There is one good practice if you decide use randjump. Call it only once do produce the required generators. Consecutive uses of randjump based on the same random number generator can give surprising results. In order to understand the reason for this approach consider the following example:

julia> srand(1)
MersenneTwister(UInt32[0x00000001], Base.dSFMT.DSFMT_state(Int32[1749029653, 1072851681, 1610647787, 1072862326, 1841712345, 1073426746, -198061126, 1073322060, -156153802, 1073567984  …  1977574422, 1073209915, 278919868, 1072835605, 1290372147, 18858467, 1815133874, -1716870370, 382, 0]), [1.23603, 1.34652, 1.31271, 1.00791, 1.48861, 1.21097, 1.95192, 1.9999, 1.25166, 1.98667  …  1.1489, 1.77623, 1.16774, 1.00214, 1.46738, 1.03244, 1.36938, 1.75271, 1.43027, 1.71293], 382)

julia> rand(100);

julia> x = randjump(Base.GLOBAL_RNG, 2)
2-element Array{MersenneTwister,1}:
 MersenneTwister(UInt32[0x00000001], Base.dSFMT.DSFMT_state(Int32[-423222098, 1072940746, 1823958146, 1073056597, 94617959, 1073021145, 2081944769, 1072701541, -1344696523, 1073205595  …  -1005791883, 1073144418, 24484970, 1073440808, 1370926729, 1336278534, -1527371338, -19485865, 382, 0]), [1.23603, 1.34652, 1.31271, 1.00791, 1.48861, 1.21097, 1.95192, 1.9999, 1.25166, 1.98667  …
  1.1489, 1.77623, 1.16774, 1.00214, 1.46738, 1.03244, 1.36938, 1.75271, 1.43027, 1.71293], 100)
 MersenneTwister(UInt32[0x00000001], Base.dSFMT.DSFMT_state(Int32[2095040610, 1073104849, 93118390, 1073625566, 1967429533, 1073003175, -889983042, 1073278562, 29166119, 1073602896  …  1102161927, 1072737217, -1901932835, 1073559995, 1843649418, -1848103721, -1079494630, -1219397333, 382, 0]), [0.0, 0.0, 0.0, 0.0, 0.0, 0.0, 0.0, 0.0, 0.0, 0.0  …  0.0, 0.0, 0.0, 0.0, 0.0, 0.0, 0.0, 0.0, 0.0, 0.0], 382)

julia> rand();

julia> y = randjump(Base.GLOBAL_RNG, 2)
2-element Array{MersenneTwister,1}:
 MersenneTwister(UInt32[0x00000001], Base.dSFMT.DSFMT_state(Int32[-423222098, 1072940746, 1823958146, 1073056597, 94617959, 1073021145, 2081944769, 1072701541, -1344696523, 1073205595  …  -1005791883, 1073144418, 24484970, 1073440808, 1370926729, 1336278534, -1527371338, -19485865, 382, 0]), [1.23603, 1.34652, 1.31271, 1.00791, 1.48861, 1.21097, 1.95192, 1.9999, 1.25166, 1.98667  …
  1.1489, 1.77623, 1.16774, 1.00214, 1.46738, 1.03244, 1.36938, 1.75271, 1.43027, 1.71293], 101)
 MersenneTwister(UInt32[0x00000001], Base.dSFMT.DSFMT_state(Int32[2095040610, 1073104849, 93118390, 1073625566, 1967429533, 1073003175, -889983042, 1073278562, 29166119, 1073602896  …  1102161927, 1072737217, -1901932835, 1073559995, 1843649418, -1848103721, -1079494630, -1219397333, 382, 0]), [0.0, 0.0, 0.0, 0.0, 0.0, 0.0, 0.0, 0.0, 0.0, 0.0  …  0.0, 0.0, 0.0, 0.0, 0.0, 0.0, 0.0, 0.0, 0.0, 0.0], 382)

julia> x[1] === y[1]
true

julia> x[2] === y[2]
false

julia> x[2] == y[2]
true

What do we learn from it:

  • The first element of a vector of random number generators returned by randjump is simply its first argument – we can see it because x[1] === y[1] is true.
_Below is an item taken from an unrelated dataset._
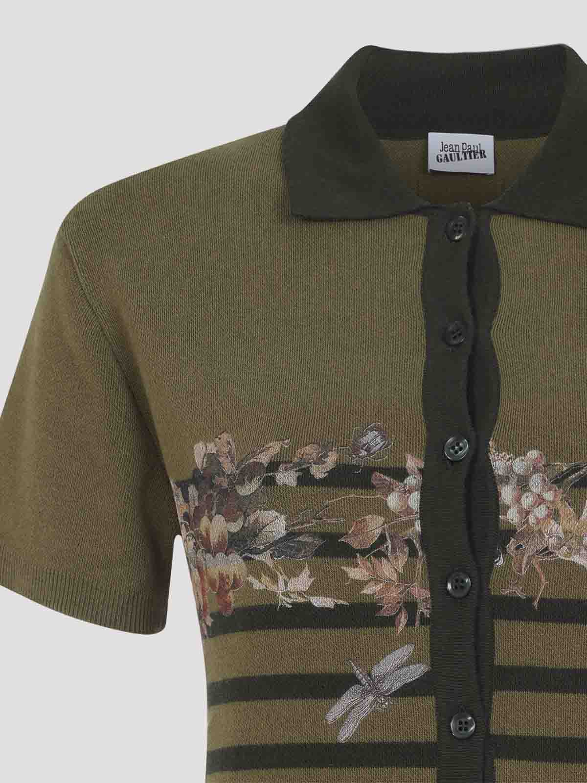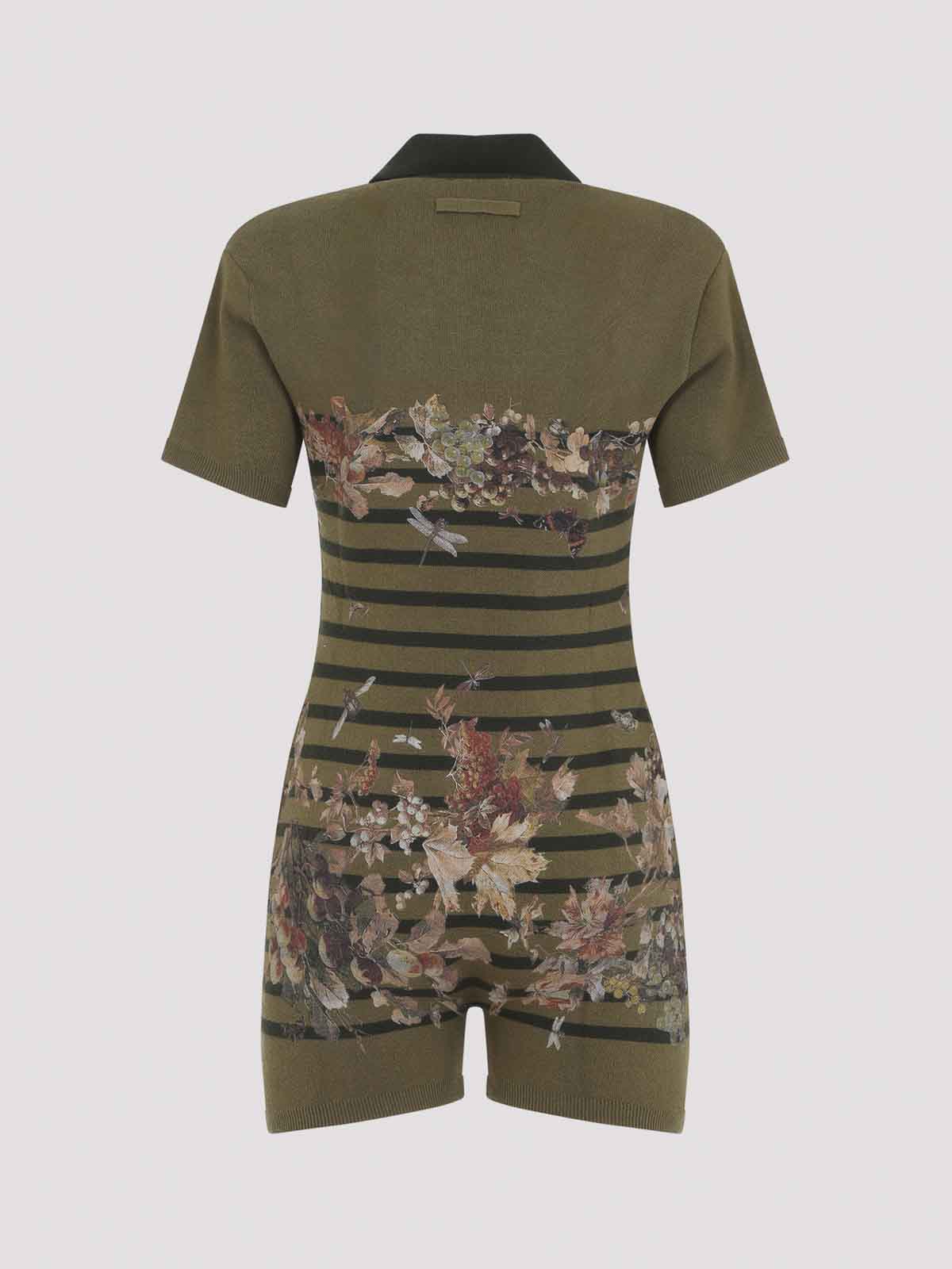 ジャンポールゴルチエマリニエールストライプグリーンコットンジャンプスーツ。カーキグリーンコットン製のニットジャンプスーツ。全体にシグネチャーグラフィックの象眼細工、ポロカラー、フロントボタン留め、半袖、ショートレッグ、リブ編みのエッジが特徴です。

No copying or jumping ahead is done.
  • Even though we have produced one random sample after creating x and before creating y (thus the state of Base.GLOBAL_RNG was not identical) the second elements of x and y have the same state, which can be seen by testing x[2] == y[2] (although they do not point to the same generator as x[2] === y[2] is false); the reason for this is that rand in Julia generates random numbers in batches of 382 size and calling rand() once in our case did not trigger the generation of the next batch of random numbers. So even though the state of Base.GLOBAL_RNG when generating x and y was not identical the internal state of Mersenne Twister generator was (it can be checked using Base.GLOBAL_RNG.state).
In short – it is safest not to call randjump several times in the same code.